Osborne 'ignoring green economy', say recyclers
By PRW Staff
Posted 7 December 2012
The Chancellor of the Exchequer has missed a trick by not doing more to support the green economy in his Autumn Statement earlier this week, industry figures argue.
Steve Lee, the Chartered Institution of Wastes Management’s chief executive, said he was “disappointed to see the green economy so poorly supported” in George Osborne’s pronouncements.
“Waste and resource management has an essential role to play in delivering a sustainable, low carbon future, but the green economy got the cold shoulder from the Chancellor,” he added.
Lee said that while the cuts to the Department for Environment, Food and Rural Affairs (Defra) budget over the next two years were both expected and turned out to be less severe that some had predicted, the CIWM “remained concerned about the resourcing and strength of Defra as the lead department on sustainable waste and resource management”.
“Our sector has a key role to play in underpinning green growth by helping UK plc to become more resource efficient and competitive, and we need a government department that is capable of delivering strategic leadership and robust and timely policies to support this.
“CIWM is also concerned that the Chancellor’s dedication to gas for the foreseeable future throws additional doubt on this government’s real commitment to developing renewable energy capacity, including energy from waste in all its forms, and decarbonising the UK’s energy supply.”
His comments were echoed by Chris Dow, chief executive of plastics recycler Closed Loop Recycling.
“I welcome the Chancellor’s announcements which aim to support small and medium sized businesses such as ours.”
“But what about the UK’s green economy?
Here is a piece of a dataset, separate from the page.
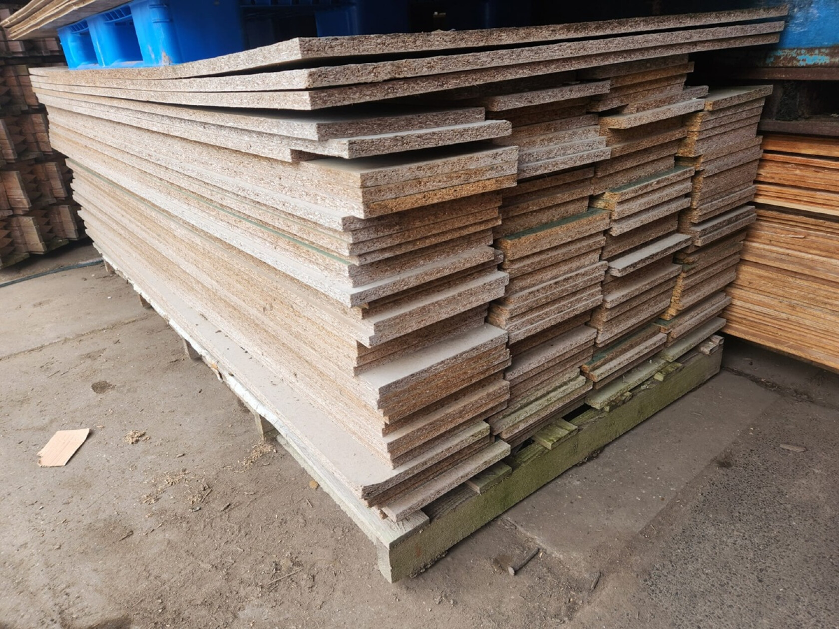 Groene spaanplaat. Prima platen, goed voor een 2e Kans. Afmetingen: 2500 x 300 x 20 mm Aantal: 145 stuks Prijs: €4 per stuk

Have we parked carbon intensity targets for the Energy Bill? Does an eight-year austerity programme mean the Green Investment Bank is unable to raise funds and therefore slow our path to sustainable energy production?”
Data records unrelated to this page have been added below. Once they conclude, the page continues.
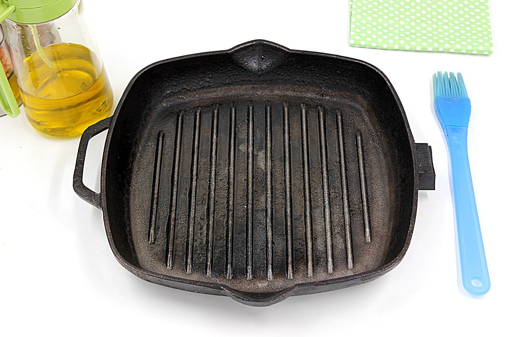 Смазать кисточкой сковороду-гриль, либо воспользоваться распылителем.
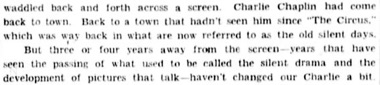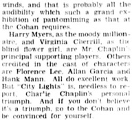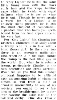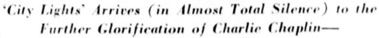Editorial content. „Chaplin‘s New Film, ,City Lights,‘ Heads
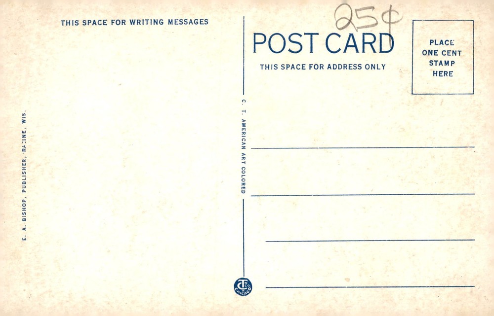 Vintage postcard featuring a scenic bridge at the east entrance to Horlick Park in Racine, Wisconsin. Published by E. A. Bishop.
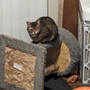 Small brown tabby with black stripes and spots, only has right eye and has asthma

Dow said green industrial activity should be seen as an opportunity for job growth and industry reform rather than being treated as an economic cost, urged the government to send the “right signals” to businesses like Closed Loop and called – again – for the current PRN system to be looked at.
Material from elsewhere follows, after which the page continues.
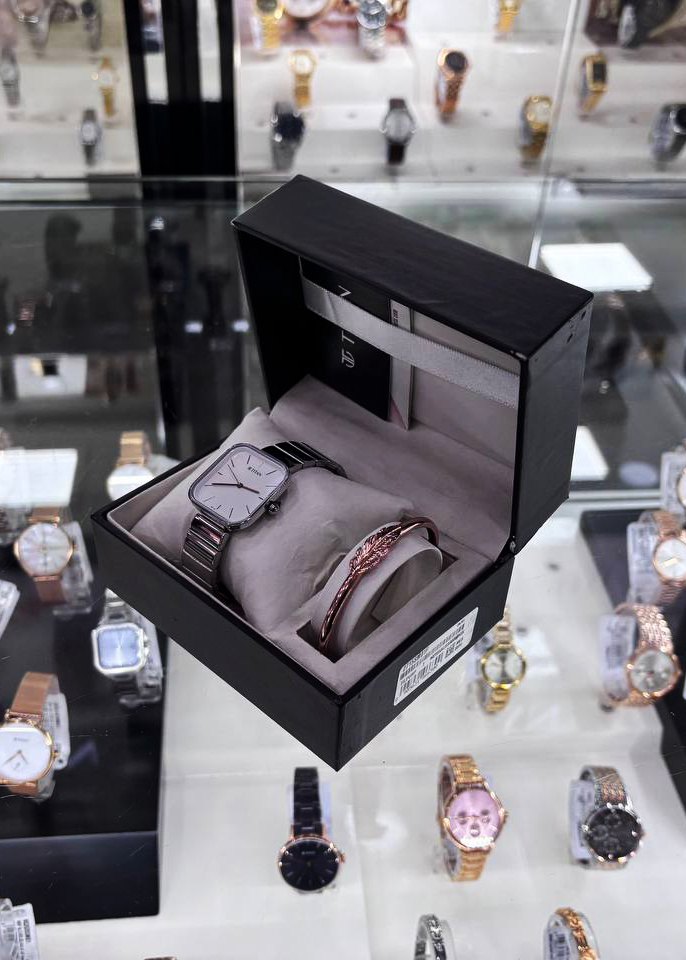 Titan Purple Stackables Quartz Analog White Dial Stainless Steel Strap Watch for Women

“We call on the whole industry to work together to help the UK’s domestic recycling industry achieve Defra’s new recycling targets.
"The government has presented us with an enormous opportunity that needs to be embraced right across the sector to ensure that we realise the goals of a robust and strong recycling sector.”
Meanwhile Philip Law, public and industrial affairs director at the British Plastics Federation (BPF), said: "The 'Green Economy' is a much abused term, particularly by government.
"It's not easy to define and some headline initiatives such as 'The Green Deal' have met with a very mixed response, as have some of the so-called 'green energy' projects, such as wind power. Perhaps the Chancellor is learning to stay away from vacuous labels."